You’ll note that most of the problems researchers described are about packaging. Many ingredients in 3D stacks rely on innovations in packaging to make them viable. To solve the heat problem, for example, researchers are assuming that new ways of diverting excess heat to the heat sink will be developed. But who's going to figure that out? Are through-silicon vias part of the chip or part of the packaging? What about those heat sinks?

3D chips require new kinds of packaging. And new kinds of packaging require innovation. And that, at last, is the crux of the problem: innovations in packaging? Whose problem is that?

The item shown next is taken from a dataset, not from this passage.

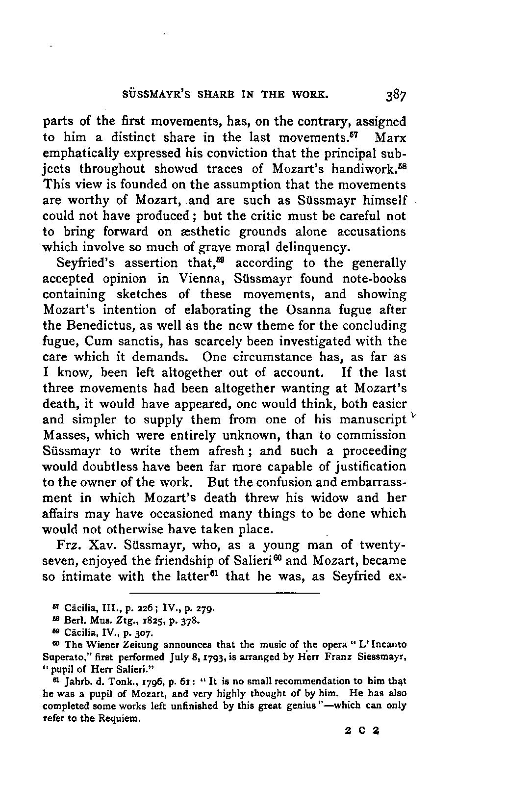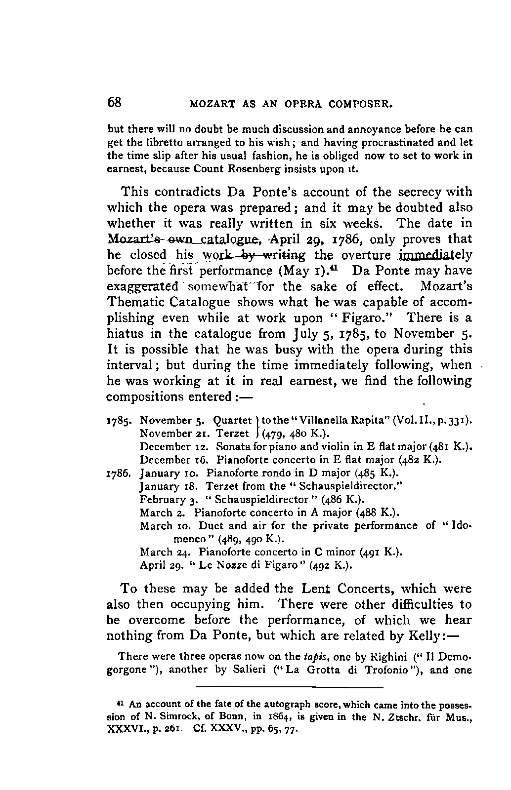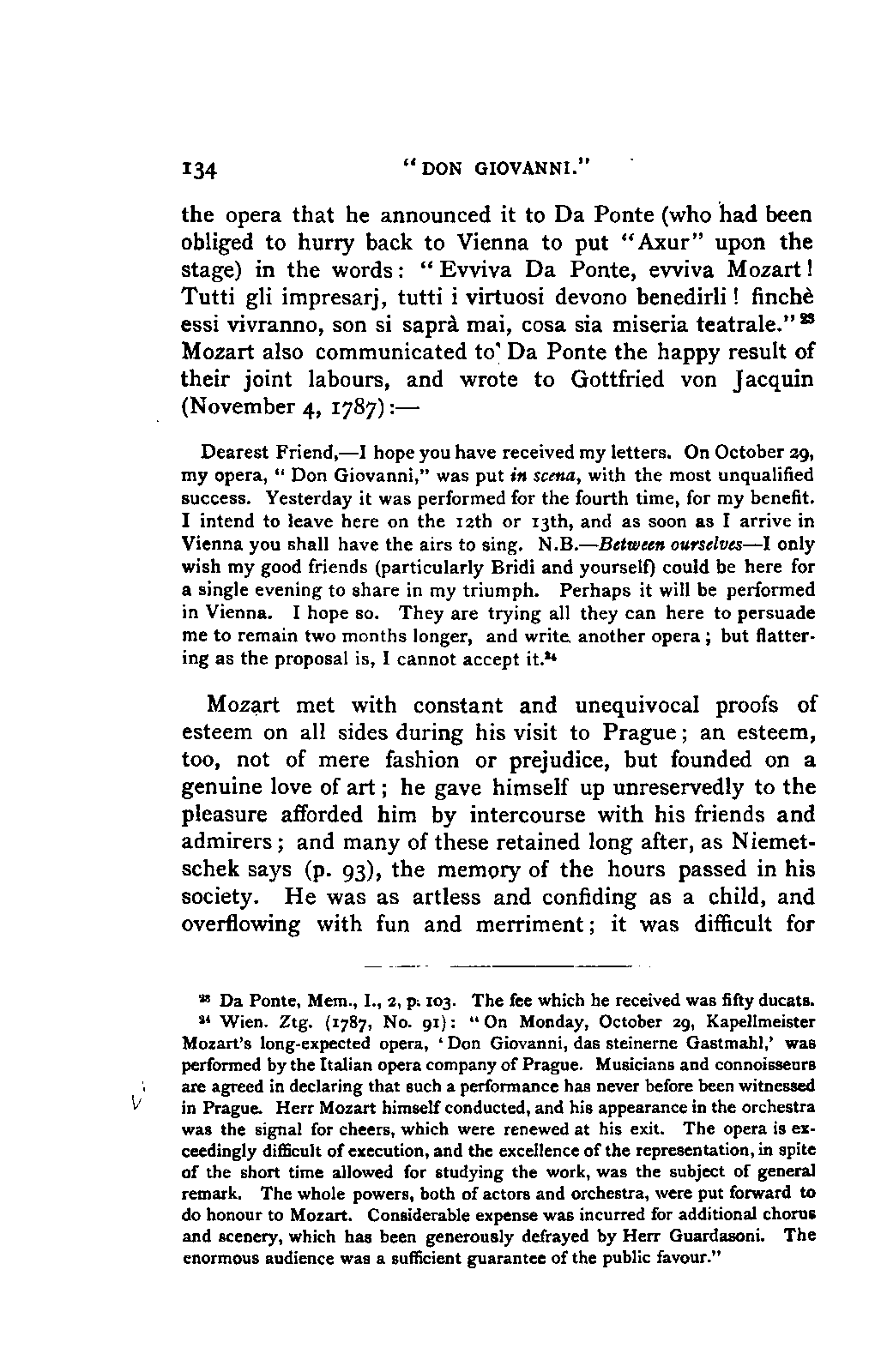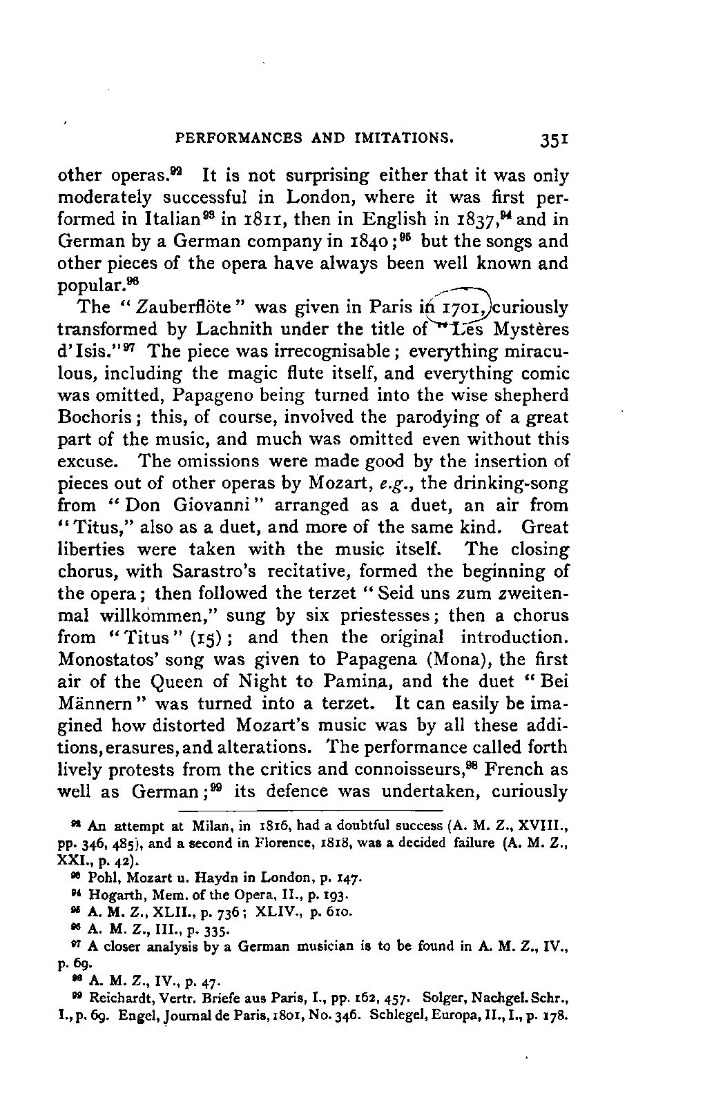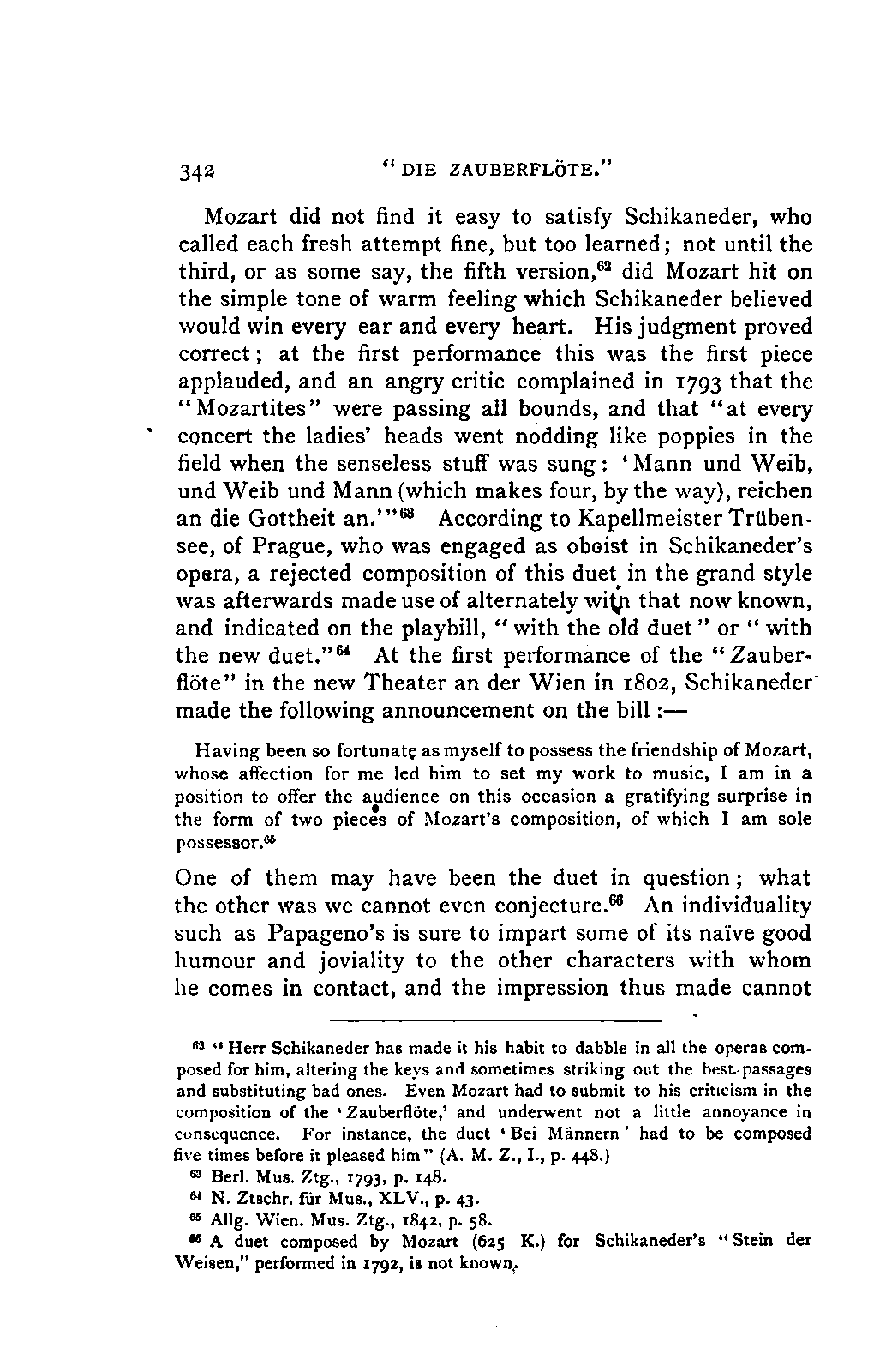 Any difference of opinion as to this work at the present day can only exist with regard to minor details, and it will scarcely now be asserted by any one that "a piece may be recognised as Mozart's by its rapid succession of daring transitions." 15 We are accustomed to take our standard from Beethoven, and it seems to us almost incredible that a contemporary of Mozart's, the Stuttgart Hofmusicus, Schaul (who acknowledged, it is true, that he belonged to a time when nothing was heard but Italian operas and musicians), should exclaim: 16 —

The semiconductor industry has disintegrated, over the past decades, into many horizontal layers. Consider how the chip in your laptop got there. A designer at a fables semiconductor company probably designed it and then sent it to TSMC. TSMC manufactured the chip based on those designs and sent it to the packaging company, which packaged the chip and sent it to the systems guy, who put it all together and sent it to its final destination, the end unit provider.

Now companies are finding that they need to re-integrate at the leading edge. Some fabless companies have said that in order to get the packaging they want, they need to invest in packaging startups.

That disintegration/reintegration dynamic raises a question: who across these companies has ownership, with all the rewards and liabilities that word implies? If packaging becomes more important and plays a bigger role in chip design and innovation, it will needs to address, particularly for medical applications, issues of heat, reliability, and safety.

The packaging industry as a whole sees about $20 billion in revenue each year. Contrast that with Intel alone, which pulls down $40 to $50 billion a year. Additionally, chipmakers on average pump almost 20 percent of their income back into R&D. Contrast that again with R&D spending by packaging companies. ASE--the biggest packaging behemoth, which brings in about $3.5 billion a year--is the record holder among its cohort for how much it spends on research and development: 3.2 percent. 20 percent of $40 billion is a lot, and that’s probably why Intel is going to be the first to ship 32-nm processors. 3.2 percent of $3.5 billion? Well, it’s not enough for any kind of risky, out-of-the-box innovations. The industry is just going along to get along.

Who can blame them? Why should they absorb the risks that will plague any kind of innovation in packaging? Innovation in packaging also implies liability. Just look at what happened to Apple last year when Nvidia famously screwed up its GeForce GPUs. Apple had to replace the faulty chips for free. The problem was traced to a packaging defect.

Microsoft had to write down its first Xbox chips because of packaging issues that led to the infamous "red rings of death"-- to the tune of $1 billion.

And if you’re still not convinced, think about the potential liability in medical implants.

Right now, no one is in a position to be responsible for innovation in packaging, but innovation is sorely needed. Someone needs to step up and give this poor girl a makeover.